What the Purdue Model Originally Solved (and Why It Worked)
The Purdue Model helped organizations answer four core questions:
- Where does control happen? (controllers close to the process)
- Where does supervision happen? (SCADA/HMI and operations)
- Where does site-level support happen? (historians, patching, backups, OT services)

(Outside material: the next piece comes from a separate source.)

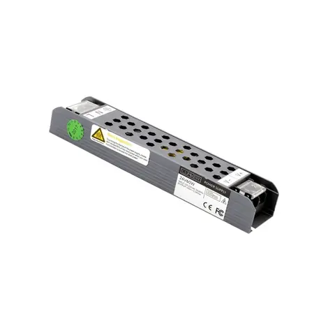 Этот компактный блок питания с функцией TRIAC-диммирования имеет степень защиты IP20 и мощность 60 Вт. Он выдаёт стабилизированное напряжение 24 В. YA-60-24.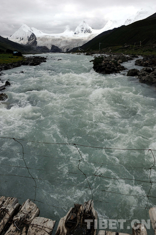 圖為冰川在山腳下不斷地融化后奔流而下,成為怒江的一個(gè)支流(唐召明2014年7月10日攝)

- Where does enterprise business happen? (ERP, email, finance, corporate IT)
Most importantly, it promoted a simple principle:
Don’t let enterprise systems directly access control systems.
Instead, introduce a boundary and control data movement across it.
That boundary evolved into the concept many teams call the Industrial DMZ (sometimes “Level 3.5”).
Purdue Model Levels (Traditional View) — and the “Modern Interpretation”
Traditional Purdue Levels (quick refresher)
- Level 0: Physical process (sensors, actuators)
- Level 1: Basic control (PLCs, RTUs, drives, I/O)
- Level 2: Supervisory control (HMIs, SCADA servers/clients, local engineering)
- Level 3: Site operations (historians, OT services, patch management, backups)
- Level 3.5: Industrial DMZ (broker zone between IT and OT)
- Level 4: Enterprise IT (business applications, corporate services)
- Level 5: External networks (internet, partners, cloud)
Modern interpretation (the key update)
In modern OT architecture, the “levels” are less important than the security and operational boundaries:
- Zones: groups of assets with similar criticality and trust requirements
- Conduits: controlled communication paths between zones (firewalls, gateways, proxies)
This is why many organizations now treat Purdue as a communication tool (a shared map), while implementing design using IEC 62443 zones and conduits.
The Big Problem with “Purdue-as-a-Diagram”
Many incidents, outages, and failed modernization projects share a root cause:
Teams draw Purdue once, then treat it as the architecture—even as the plant changes.
Common symptoms:
- A “Level 2 network” becomes a flat VLAN with everything from HMIs to IP cameras.
- A “Level 3 historian” becomes an all-purpose server that also runs AV management, file shares, and remote tools.
- Cloud connectivity is bolted onto Level 2 because “we needed the data quickly.”
- Vendors are allowed inbound VPN access to PLC networks because “they need to troubleshoot.”
Purdue didn’t fail—oversimplification did.
Modern OT requires a data-flow-first design approach.
Purdue Model Revisited: The 6 Design Principles of Modern OT Networks
If you only take one section from this article, make it this one.
1) Design around safety and availability first
OT priorities differ from IT:
- Availability and determinism often outrank confidentiality.
- “Patch Tuesday” doesn’t exist when downtime costs $250k/hour.
- Any security control must respect process constraints and vendor support boundaries.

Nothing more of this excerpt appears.